CodexBloom - Programming Q&A Platform

scenarios Parsing Large JSON Files in Node.js - Out of Memory Issues

πŸ‘€ Views: 29 πŸ’¬ Answers: 1 πŸ“… Created: 2025-07-02
Node.js JSON streaming JavaScript

I'm dealing with I'm working on a project and hit a roadblock... I'm currently working on parsing a large JSON file (around 500MB) using Node.js (version 14.17.0) and I've run into an 'Out of Memory' behavior when trying to read it all at once. I initially attempted to use `fs.readFile` to load the entire file into memory and then parse it, but that resulted in this behavior: ``` FATAL behavior: Ineffective mark-compacts near heap limit Allocation failed - JavaScript heap out of memory ``` I switched to using `fs.createReadStream` along with a JSON parser to process the file in chunks, but I'm struggling with correctly handling nested JSON structures.
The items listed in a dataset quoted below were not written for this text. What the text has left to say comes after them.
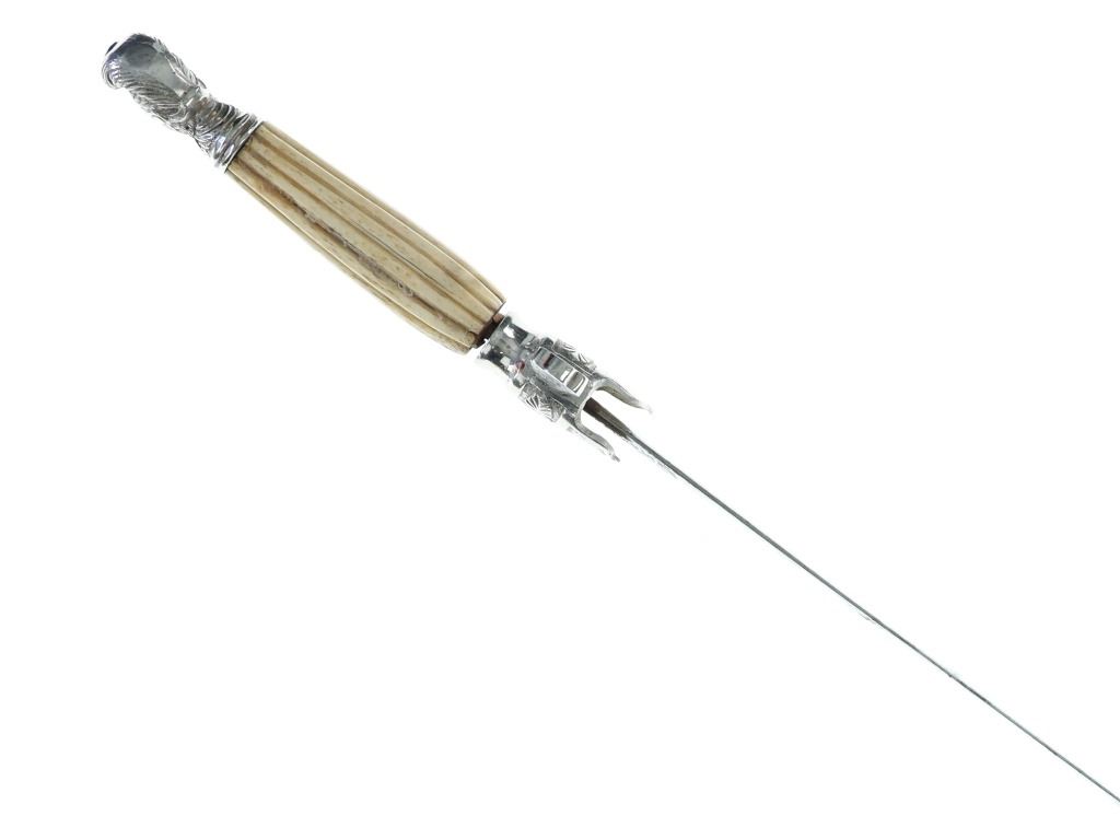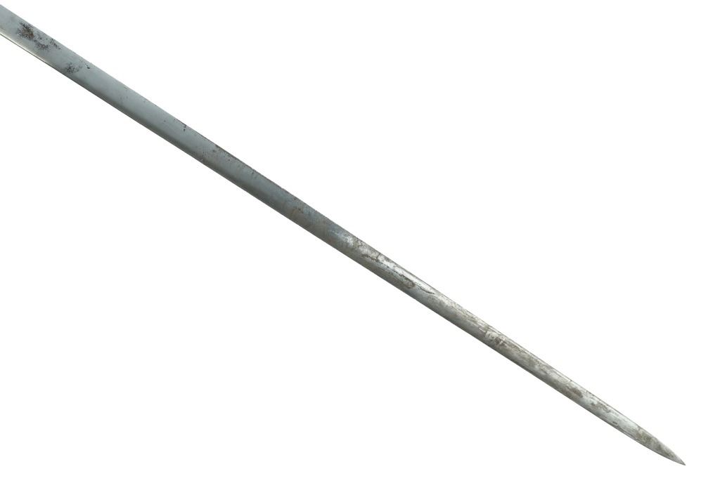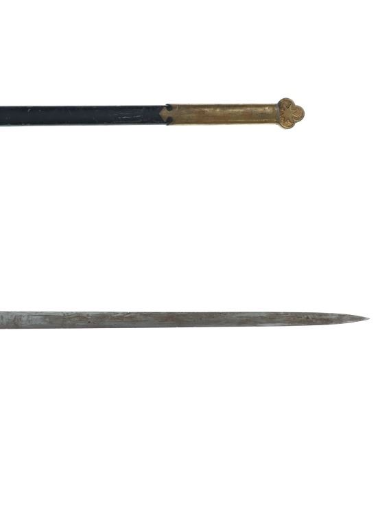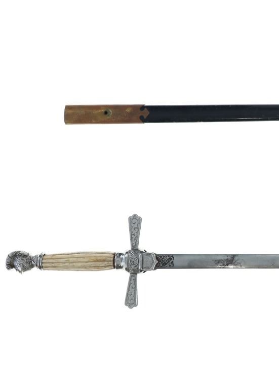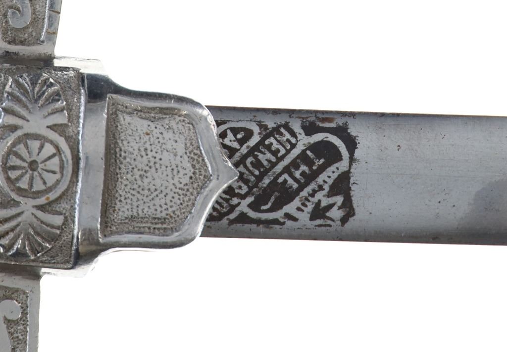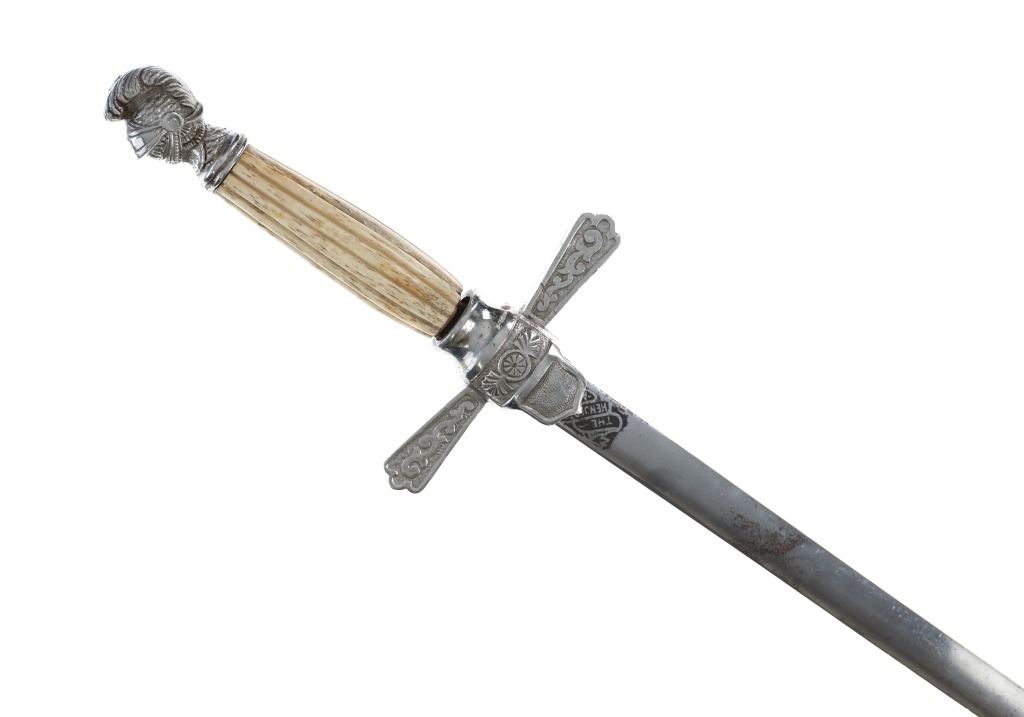 Featured in this lot is this Masonic Knight ceremonial sword circa early 1900's. The sword features a wonderfully and professionally crafted stainless steel, brass, and bone construction that features a knights head on the pommel with Masonic geometric decorations adorning the hilt. The sword is marked on the blade above the hilt as follows: The Henderson - Ames Co. - Kalamaka. The condition of this Masonic Knight ceremonial sword is fair to good with a slight crack in the bone handle and shows some patina adorning the sword but shows fair to good overall condition. The measurements of this sword is 35 1/4" x 4 1/2" x 3/4".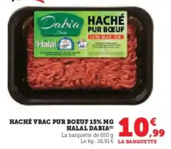 Offre Haché vrac pur boeuf 15% mg halal dabia chez Hyper U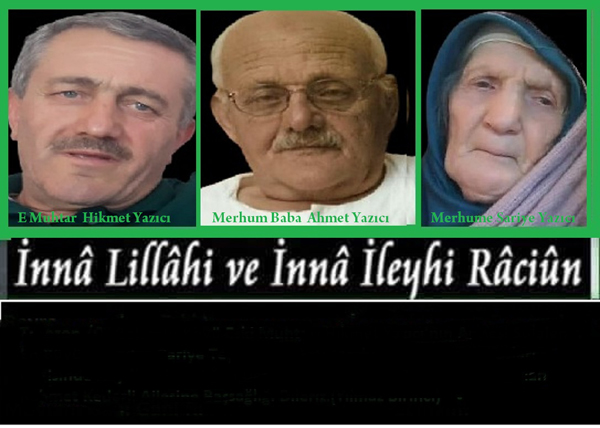 Gazetemiz adına merhume teyzemize ve merhum amcamıza Allahtan rahmet kederli ailelerine başsağlığı dileriz.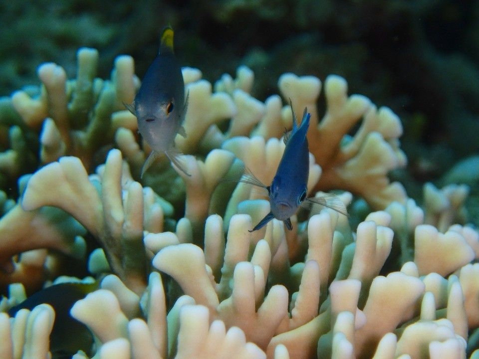 9月末時点で水温24℃ほど、透明度は15-20mです。その日最適なダイビングスポット3箇所それぞれ45分前後かけて廻りました。最大深度はそれぞれ18-20,16,14mほどでした。カメやナポレオンフィッシュは残念ながら見れませんでしたが、サメには会えました。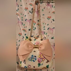 Y2K Betsey Johnson Hopelessly Romantic Vegan Floral Bee Butterfly Bucket Purse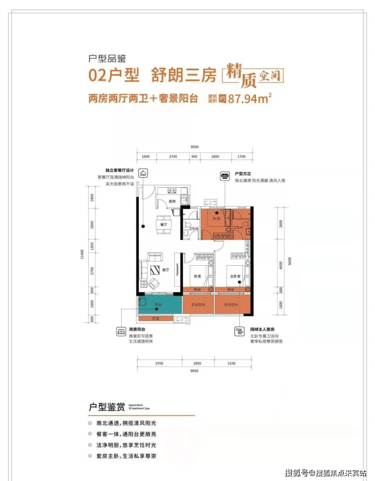 · 超闊面寬戶型,南北朝向,室室通透,自帶全通一體化寬景陽臺;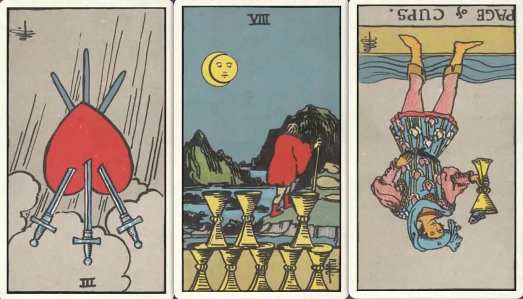 下半年:宝剑三- 圣杯八+ 圣杯侍从-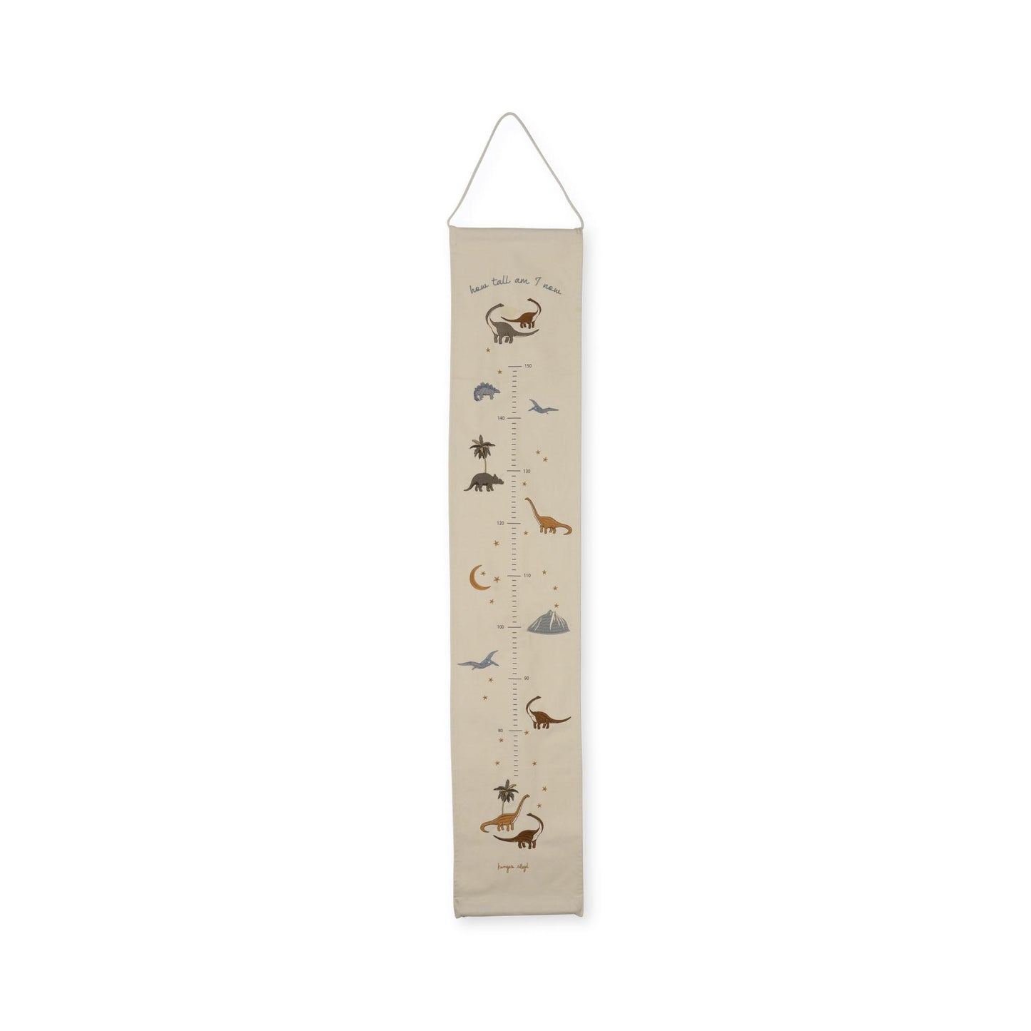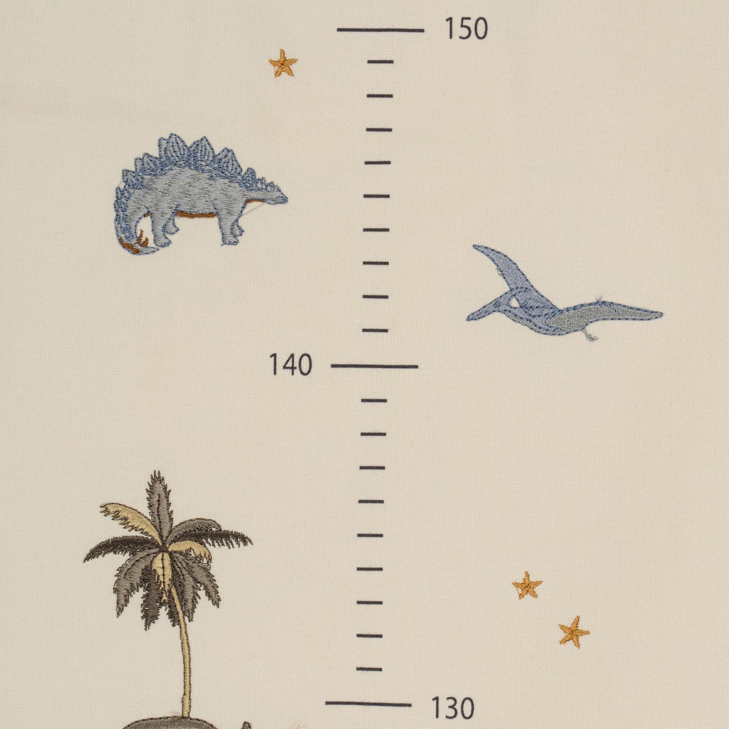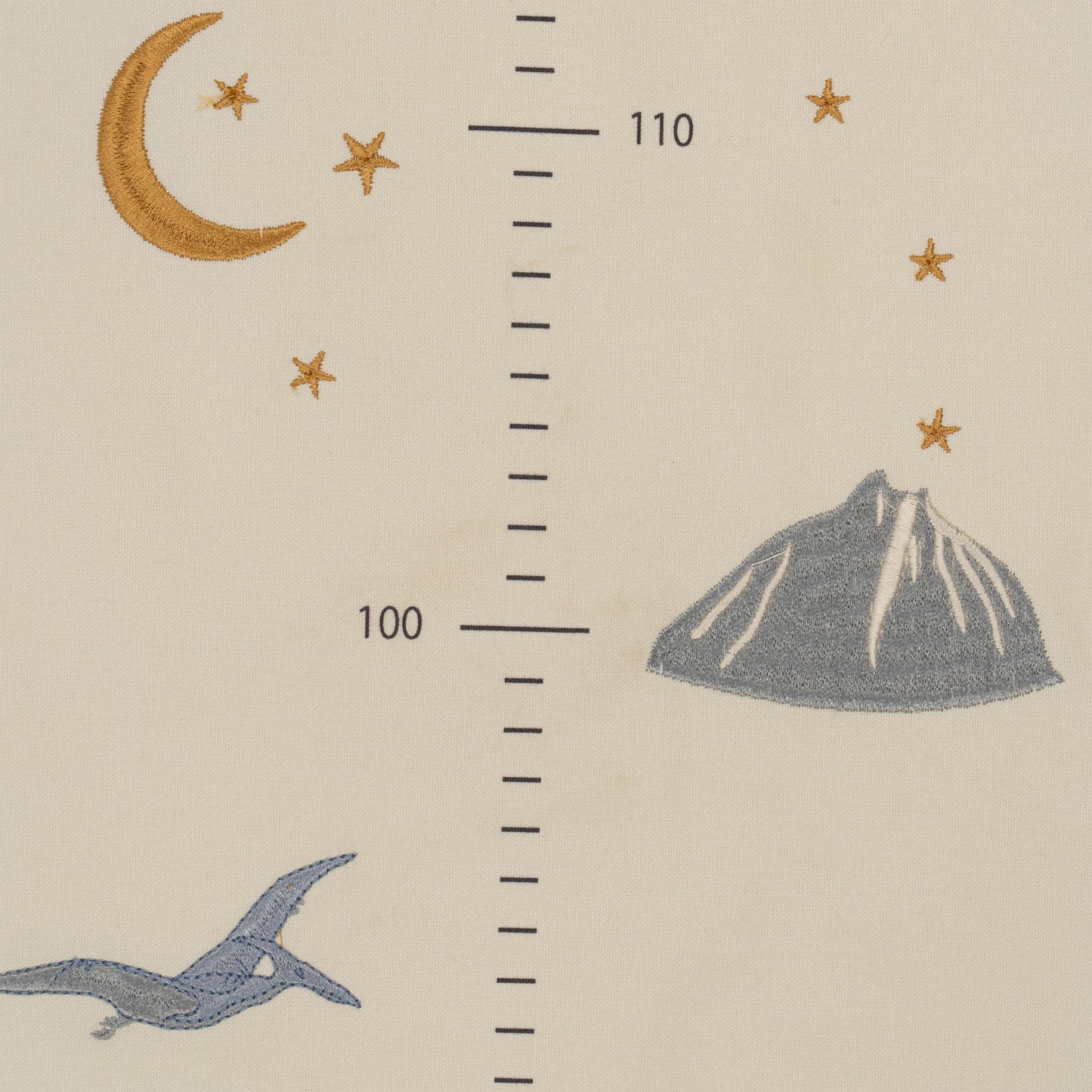 Height chart made in 100% cotton with a beechwood stick. Designed with embroidery and a practical rope at the top of the chart. Each chart comes with a set of labels to iron on to the chart showing your child's height at different ages (1 - 10 years). H: 160 cm. Chart is in cm

Here’s the code I attempted: ```javascript const fs = require('fs'); const JSONStream = require('JSONStream'); const stream = fs.createReadStream('largefile.json', { encoding: 'utf8' }); stream.pipe(JSONStream.parse('*.items.*')) .on('data', (data) => { console.log('Parsed item:', data); }) .on('behavior', (err) => { console.behavior('behavior parsing JSON:', err); }); ``` While this approach reduces memory usage, I encountered issues with the structure of my JSON file. The file looks something like this: ```json { "items": [ { "id": 1, "name": "Item 1", "details": { "description": "A sample item", "tags": ["sample", "item"] } }, { "id": 2, "name": "Item 2", "details": { "description": "Another item", "tags": ["example", "item"] } } ] } ``` It seems that the `JSONStream.parse('*.items.*')` selector isn't working as expected since it's not capturing the entire object structure. Instead, I'm only getting individual items without their nested properties. I also tried using `JSONStream.parse('items.*')` but that still only returns the top-level item properties. To troubleshoot, I printed out the entire parsed data and it seems to be missing the nested fields. How can I correctly parse the entire structure while still keeping memory usage in check? Is there a better way to handle this case? Any suggestions would be greatly appreciated! For context: I'm using Javascript on Windows. I'd really appreciate any guidance on this. This is for a CLI tool running on Ubuntu 22.04. What would be the recommended way to handle this?